Discussions with Jeff pursued.  I told him i could not be in the December 13th group.  (he wanted me to travel in 2013 so we'd get the tax credit.  screw the money i yelled!!)  I was not willing to miss the kids dance recital and spending Christmas with them.  That would mean I'd be leaving early January instead.  But, that would also mean Dylan would spend a whole extra month, alone, without her family, without us.  Peering into the future, i saw myself sad and miserable on Christmas Day.  Dylan should be with us.  She should be home with her family.  This is all wrong.   Talk about your Sophie's Choice.  Abandon my two kids to bring Dylan home, or neglect Dylan to be home with David and Emma.  Both scenarios miserable. a no win either way.

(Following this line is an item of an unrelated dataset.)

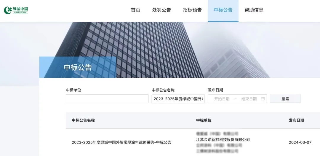 近日,綠城中國(guó)控股有限公司公布了2023-2025年度綠城中國(guó)內(nèi)外墻涂料戰(zhàn)略采購(gòu)名單,久諾憑借專業(yè)的產(chǎn)品和技術(shù)、系統(tǒng)化的方案、標(biāo)準(zhǔn)化的服務(wù)等出色的綜合實(shí)力,成功中標(biāo)2023-2025年度綠城中國(guó)內(nèi)外墻涂料戰(zhàn)略采購(gòu),此次中標(biāo)將正式開啟久諾與綠城中國(guó)的嶄新合作篇章!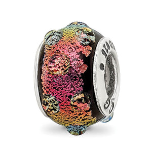 Rainbow Dotted Dichroic Glass Sterling Silver Bead Charm

well, today Tuesday, i got an email saying i got my Article 5 Notice!   yippity dippity dawg!!!!   I rushed to tell Todd Travel Guy and of course he blew my bubble by warning, "you haven't gotten TA yet, let's wait til you get that before booking any flights.  TA's could take 2 to 4 weeks"

okay so today i tell  myself  BREATHE... just breathe.   please breathe.  I'm sure I'm experiencing mild panic attacks.  I've been an unbearable beast at home to all.  I am not a pleasant person when I'm stressed.  and I'm oh so stressed.

Dylan needs to be home with us now.  I just want her home so we can begin the business of being a family!

1 comment:

  1. I love that you got it right when it seems like there was no hope for a positive solution.